Friday, March 24, 2006

Lancelot's Song & Guenievre's repost (2 Classic CS5Ms!)

Lancelot's Song while Mad in the Forest Sauvage

I circled round the table, seeking solace in your arms
While King Arthur had his eye upon the grail
I perservered like Percevial, ignored the loud wassail
That Sir Kay made slipping sideways in his cups
But it’s madness that possessed me, and the thing that has distressed me
Is I don't know when I'll see my Gwen,
Or even when I will not fear to see a tree again.

While mad I slew Sir Ferdegrance, or did I wed his daughter?
I know that I did something which perhaps I shouldn't oughta.
Now I live on roots and berries like a wodewose in the dark
And a tear it trickles down my cheek, and I the knight who ne’r was meek
Go howling through the night and shriek at the shadow of a lark.
And I don't know when I'll be again, that man you loved to see again,
Or if I'll ever be again, within my own right brain again.

I know that once you loved me, as I know the sky's above me
Though the leaves shut tight against the blue of day
The forest it enfolds me, and the rustling leaves have told me
That my penance is to live without her who might restore the old me
My sword is laid aside now, and its rusting in the leaves, my armor
too is but a pile of mildewed plates and greaves. I fear I'm not a shining knight, I'm not a knight at all, and I snuffle like a hedgehog that is curled into a ball.

Maybe some lofty Galahad who never was, like I, a cad
Will come to strike down anyone who might your honour scorn
While hoary-handed as a villein, I would prove a worst villain if
I didn't love the chance that you might find at any dance, to
cast down that cruel Arthur and his iron. I bark at moonlight's beckon,
ing, but I will bear the reckoning, I'd live on bark and beetles on
the platters that I eat on. The wars of Venus are not fought, within
the bowers of Arthur's court upon the fields of Mars or on the battlefields at Eton.

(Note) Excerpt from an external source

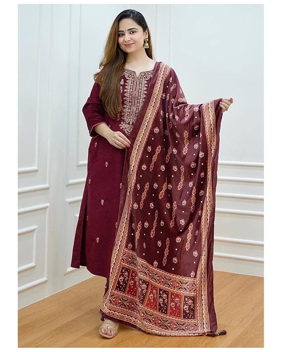 REXHOOD Women's Beautiful Rayon Embroidered Kurta with Pant Dupatta Set
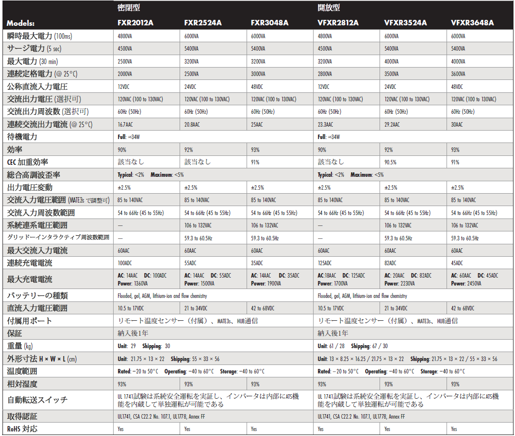 OutBack の製品ラインには、オフグリッド インバーター、ハイブリッドおよびグリッドタイ インバーター、MPPT 充電コントローラー、通信

My mind is full of Merlin's talk, anachronisms it seems stalk, the
land like some great stalking horse, and everything grows large and coarse,
yes even the great water-course that leads to Camelot, upon whose
breast I once espied the lady who, but you beside, some sorrow had
that touched my pride - the Lady of Shalott. Always now in my mossy bank
where weevils writhe and stinkhorns stank, and where my heart its life has sank, I still know I have one to thank, for any life I saw at all, and she is at
the castle tall, whose walls no foe shall ever fall, and she is Queen,
my Queen of all. My lovely Gwenevere.


GUENEVERE'S ANSWER

But thou art not in t' Forest Sauvage. From where I stand, well by and large,
Desertion seems the only charge, I guess a knight's a big fromage
Outside of Camelot.

I heard that you were married, true, and thought her little good for you
but I can't see the things you do or if with her you bill and coo
Outside of Camelot.

A love affair in pride can stand opprobrium throughout the land
the sniggering behind the hand the gossip through the roving band
Outside of Camelot

But while I could court iniquity if we had but proprinquity
A chance in bed to swink with thee, I'm not pleased you're stuck up a tree
Outside of Camelot

King Arthur may have set his sights too much on brawls with manly knights
And left me lone through longing nights but he was setting things to rights
Outside of Camelot

The whining of a braggart who has got himself into a stew
Is not the tone to keep me true, so pick your bloody feverfew
Outside of Camelot

When you're set upon which side the butter lies, and quite which bride
should be the one to which you ride, then you can come upon the tide
Back down to Camelot

I know that tidal rhyme is poor but you raised Shalott's fate before
As if a lovesick witch were more to you than aught I hold in store
For you in Camelot

In fact I think I'm of a mind some other champion to find
(Perhaps one with a firm behind for now to plumpness you're inclined
(I say in truth, for to be kind, your weight's come on a lot!)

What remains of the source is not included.